What needs to be done = Reproduce the listing in full, exactly as written, but without images.

━━━━

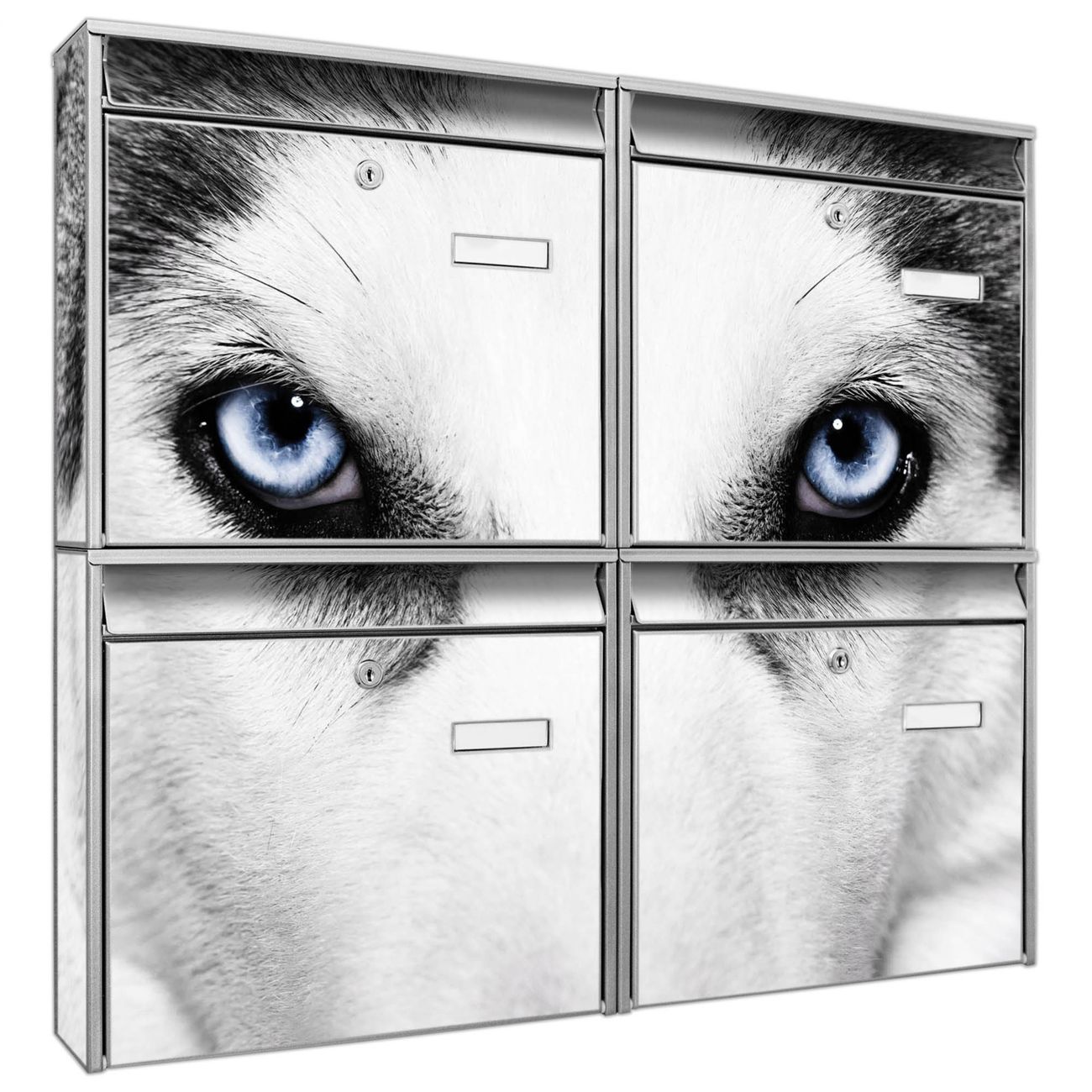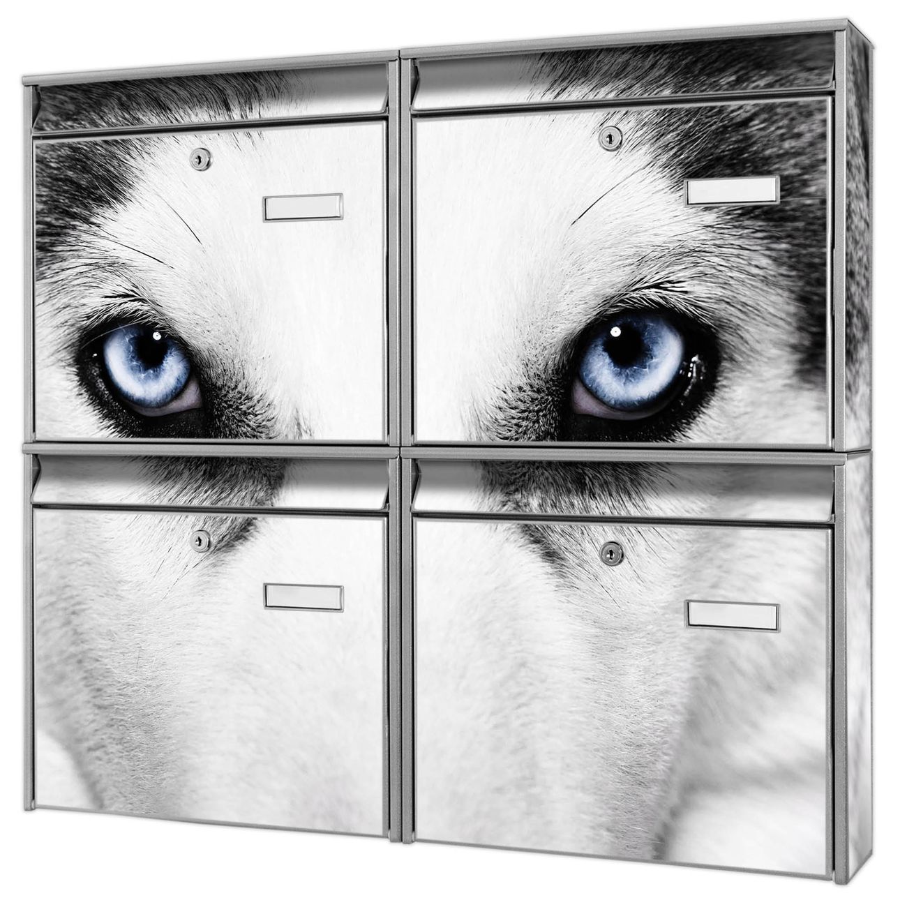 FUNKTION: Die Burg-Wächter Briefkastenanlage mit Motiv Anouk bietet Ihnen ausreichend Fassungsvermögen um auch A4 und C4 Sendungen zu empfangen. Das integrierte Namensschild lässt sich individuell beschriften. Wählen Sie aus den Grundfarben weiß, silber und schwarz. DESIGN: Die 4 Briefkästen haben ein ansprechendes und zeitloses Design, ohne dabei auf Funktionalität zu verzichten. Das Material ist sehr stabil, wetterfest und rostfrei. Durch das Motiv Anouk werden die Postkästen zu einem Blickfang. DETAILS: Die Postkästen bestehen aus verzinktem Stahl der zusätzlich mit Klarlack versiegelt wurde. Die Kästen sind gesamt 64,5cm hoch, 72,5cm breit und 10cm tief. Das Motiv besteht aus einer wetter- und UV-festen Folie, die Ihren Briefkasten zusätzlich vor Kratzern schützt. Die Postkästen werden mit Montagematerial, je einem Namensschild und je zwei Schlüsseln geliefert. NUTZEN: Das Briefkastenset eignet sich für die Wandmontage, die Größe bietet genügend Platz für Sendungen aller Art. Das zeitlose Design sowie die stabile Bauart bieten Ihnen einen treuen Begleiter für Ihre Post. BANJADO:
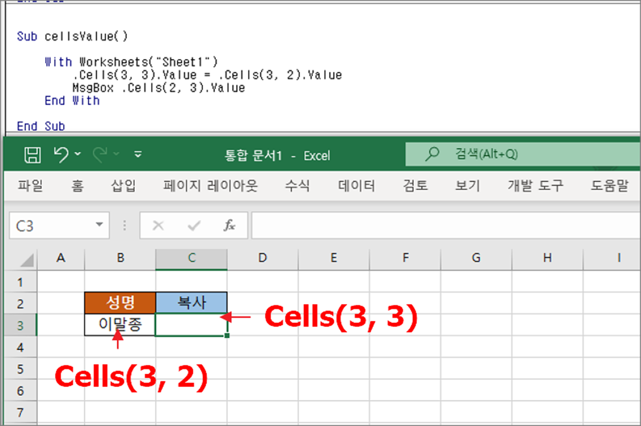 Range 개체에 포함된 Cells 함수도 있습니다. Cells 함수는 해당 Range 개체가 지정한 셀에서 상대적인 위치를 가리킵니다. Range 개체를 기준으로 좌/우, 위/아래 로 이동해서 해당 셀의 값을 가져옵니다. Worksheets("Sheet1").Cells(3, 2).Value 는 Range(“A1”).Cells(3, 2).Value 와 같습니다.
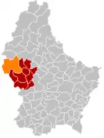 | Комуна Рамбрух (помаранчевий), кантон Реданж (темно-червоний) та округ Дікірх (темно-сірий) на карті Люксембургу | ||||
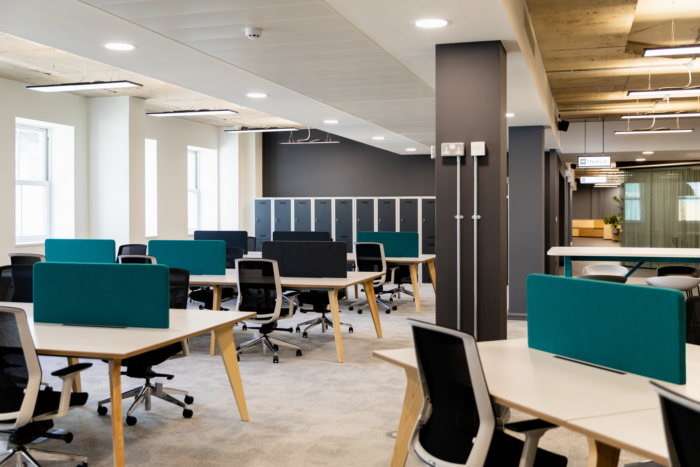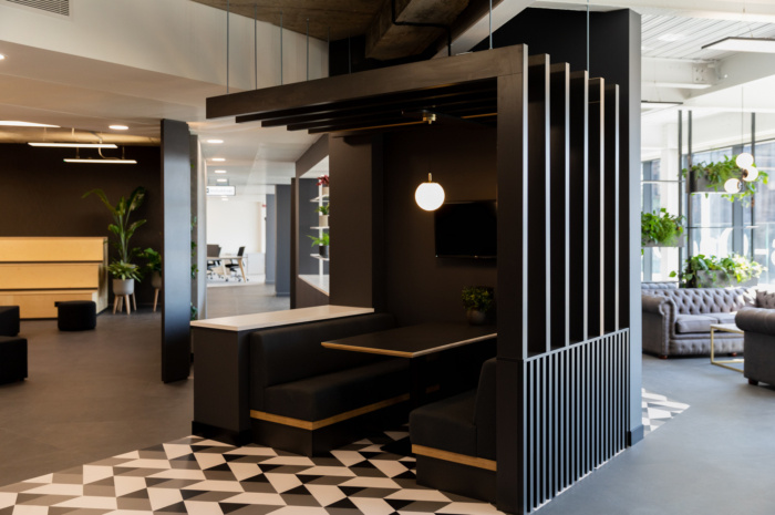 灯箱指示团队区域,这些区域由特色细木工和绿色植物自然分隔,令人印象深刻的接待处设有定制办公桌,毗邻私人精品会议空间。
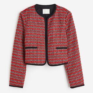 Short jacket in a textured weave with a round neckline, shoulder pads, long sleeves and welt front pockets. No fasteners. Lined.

━━━━

Expected output =
 FUNKTION: Die Burg-Wächter Briefkastenanlage mit Motiv Anouk bietet Ihnen ausreichend Fassungsvermögen um auch A4 und C4 Sendungen zu empfangen. Das integrierte Namensschild lässt sich individuell beschriften. Wählen Sie aus den Grundfarben weiß, silber und schwarz. DESIGN: Die 4 Briefkästen haben ein ansprechendes und zeitloses Design, ohne dabei auf Funktionalität zu verzichten. Das Material ist sehr stabil, wetterfest und rostfrei. Durch das Motiv Anouk werden die Postkästen zu einem Blickfang. DETAILS: Die Postkästen bestehen aus verzinktem Stahl der zusätzlich mit Klarlack versiegelt wurde. Die Kästen sind gesamt 64,5cm hoch, 72,5cm breit und 10cm tief. Das Motiv besteht aus einer wetter- und UV-festen Folie, die Ihren Briefkasten zusätzlich vor Kratzern schützt. Die Postkästen werden mit Montagematerial, je einem Namensschild und je zwei Schlüsseln geliefert. NUTZEN: Das Briefkastenset eignet sich für die Wandmontage, die Größe bietet genügend Platz für Sendungen aller Art. Das zeitlose Design sowie die stabile Bauart bieten Ihnen einen treuen Begleiter für Ihre Post. BANJADO:
 Range 개체에 포함된 Cells 함수도 있습니다. Cells 함수는 해당 Range 개체가 지정한 셀에서 상대적인 위치를 가리킵니다. Range 개체를 기준으로 좌/우, 위/아래 로 이동해서 해당 셀의 값을 가져옵니다. Worksheets("Sheet1").Cells(3, 2).Value 는 Range(“A1”).Cells(3, 2).Value 와 같습니다.
 | Комуна Рамбрух (помаранчевий), кантон Реданж (темно-червоний) та округ Дікірх (темно-сірий) на карті Люксембургу | ||||
 灯箱指示团队区域,这些区域由特色细木工和绿色植物自然分隔,令人印象深刻的接待处设有定制办公桌,毗邻私人精品会议空间。
 Short jacket in a textured weave with a round neckline, shoulder pads, long sleeves and welt front pockets. No fasteners. Lined.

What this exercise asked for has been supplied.